[Prompt] Write exactly the lines running from the start of the material below to the line that includes "2020年5月29日,根据《", and include no pictures.

[Collected material]
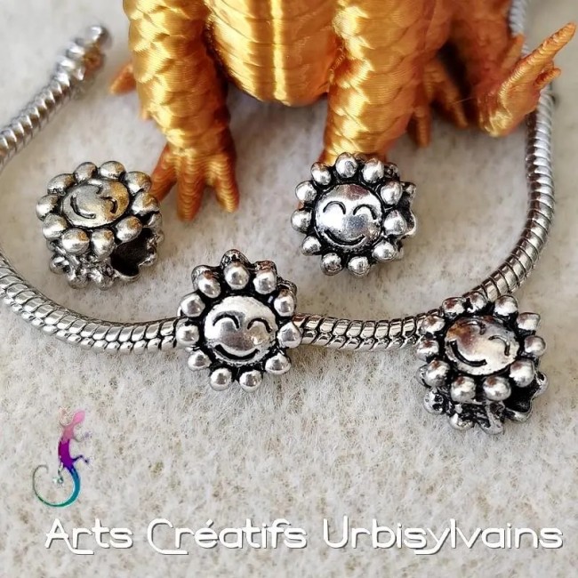 Lot de 4 perles soleil en métal argenté pour bracelet ou collier européen
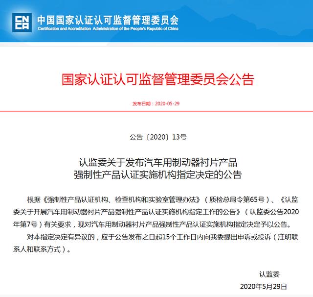 2020年5月29日,根据《认监委关于发布汽车用制动器衬片产品强制性产品认证实施机构指定决定的公告》(公告〔2020〕13号),中汽中心检测认证事业部中汽研华诚认证(天津)有限公司(以下简称“华诚认证”)获批指定认证机构,中汽研汽车检验中心(天津)有限公司(以下简称“天津汽车检测中心”)获批指定实验室。
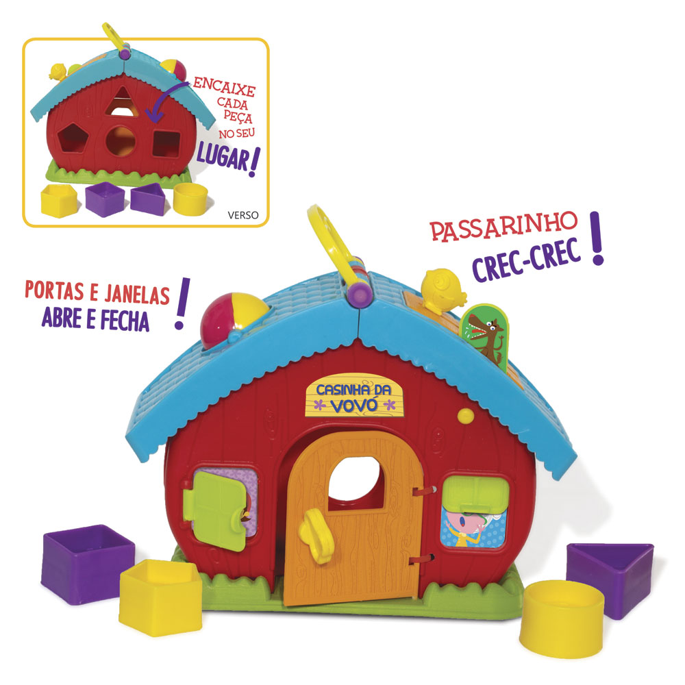 La casa de la abuela con puerta y llave, formas a medida, techo que abre y cierra la ventana con sorpresa. Mira al lobo feroz.

[Task result]
 Lot de 4 perles soleil en métal argenté pour bracelet ou collier européen
 2020年5月29日,根据《认监委关于发布汽车用制动器衬片产品强制性产品认证实施机构指定决定的公告》(公告〔2020〕13号),中汽中心检测认证事业部中汽研华诚认证(天津)有限公司(以下简称“华诚认证”)获批指定认证机构,中汽研汽车检验中心(天津)有限公司(以下简称“天津汽车检测中心”)获批指定实验室。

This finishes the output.